Life e o trabalho interpretativo de Robert Pattinson

Ana Flavia Gerhardt - 23 de novembro de 2017

No último Festival de Cannes, o filme Bom comportamento (título original: Good time) recebeu grande atenção do público e da crítica por conta do caprichado trabalho de direção dos irmãos Josh e Bennie Safdie (este último integrando o elenco com notável atuação) e, sobretudo, pelo protagonista desenvolvido por Robert Pattinson, ator conhecido do grande público pela participação na quadrilogia Crepúsculo.

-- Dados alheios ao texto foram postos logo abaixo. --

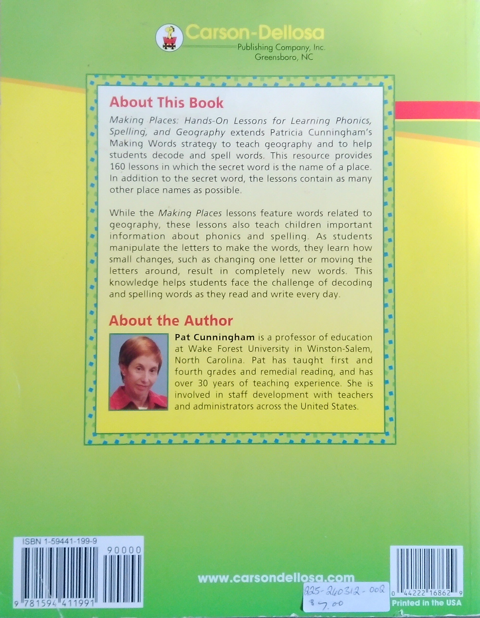 160 'making words' lessons using places, for grades 2-6. By Patricia M. Cunningham, from Carson-Dellosa. Softcover, very good condition; clean and unused.

Em Bom comportamento, que recebeu crítica de Matheus Fiore, Pattinson impressionou pela performance complexa e absolutamente entregue de um rapaz que vive nas esferas sociais marginais de Nova Iorque. No filme, Connie, o rapaz, passa uma noite infernal tentando a todo custo encontrar dinheiro para pagar a fiança do irmão com déficit cognitivo, que, por sua culpa, acabou preso após um assalto frustrado. Ainda sendo (sem propósito, a meu ver) comparado ao inacreditável Edward Cullen de Crepúsculo, o ator vem trilhando caminhos artísticos merecedores de atenção, com escolhas profissionais acertadíssimas e não limitadas ao protagonismo, como em Z – A cidade perdida,  de James Gray, também discutido por Matheus Fiore e por mim. Antes disso, crítica e público já haviam notado um Robert Pattinson diferente em filmes como Cosmópolis, de David Cronemberg (2012), e A infância de um líder, de Brady Corbet (2015).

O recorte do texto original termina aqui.